While not an update on the "march to staging", this is one that I wanted to share that answered a lot of questions for me.
Recently on Facebook (and about the only redeeming thing ABOUT Facebook) is that a woman who joined one of the groups I am a member of, was going thru her father's collection (he was an ex-employee) and had been sharing some reports and other such things with the group. She posted pieces of a November 1943 Director's Special that seemed very interesting, and she was more than happy to make scans of it! So less than a week later, I receive 79 scanned pages of this report, and low and behold, it had some VERY enlightening info that is specific to my layout!
In case you aren't aware, my LV industrial branch on the layout is (was) called the "Edgewater Branch", and it served, in particular, a milk unloading platform (it's main reason for being), a large coal trestle, and a few other little industries. Also, carloading car counts between the various NY railroads via carfloats are mentioned, and even though I am modeling 1951, and this was during WW2, it's still an interesting insight, to say the least. In all my research on this piece of the railroad for the last twenty years, I've yet to see any of these details that I quite frankly, feel are SO important to prototypical operation.

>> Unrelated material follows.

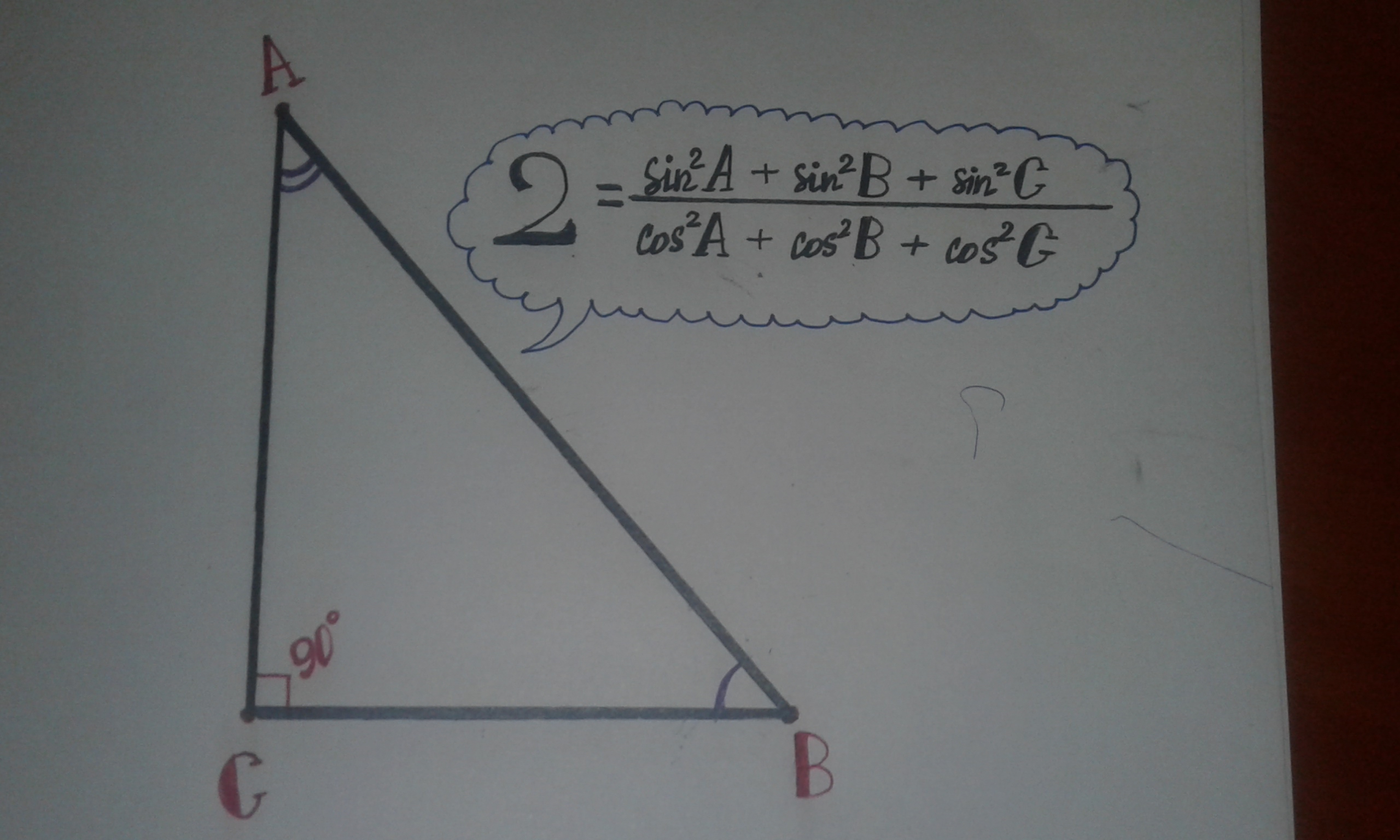$$\frac{3-(cos^2A+cos^2B+cos^2C)}{cos^2A+cos^2B+cos^2C}=2\Rightarrow$$

So, without any more ado, here are the two pages that pertain to my layout that I am so excited to share with all of you (I would suggest saving them to your computer or other such imaging software to read, as they are too small to read in the blog because of the way they were sent to me)......
I hope that for any of you out there still reading this, that you are able to come into such detailed info for your own particular prototype, because it's these little details that make prototype operations so much more enjoyable, at least for me!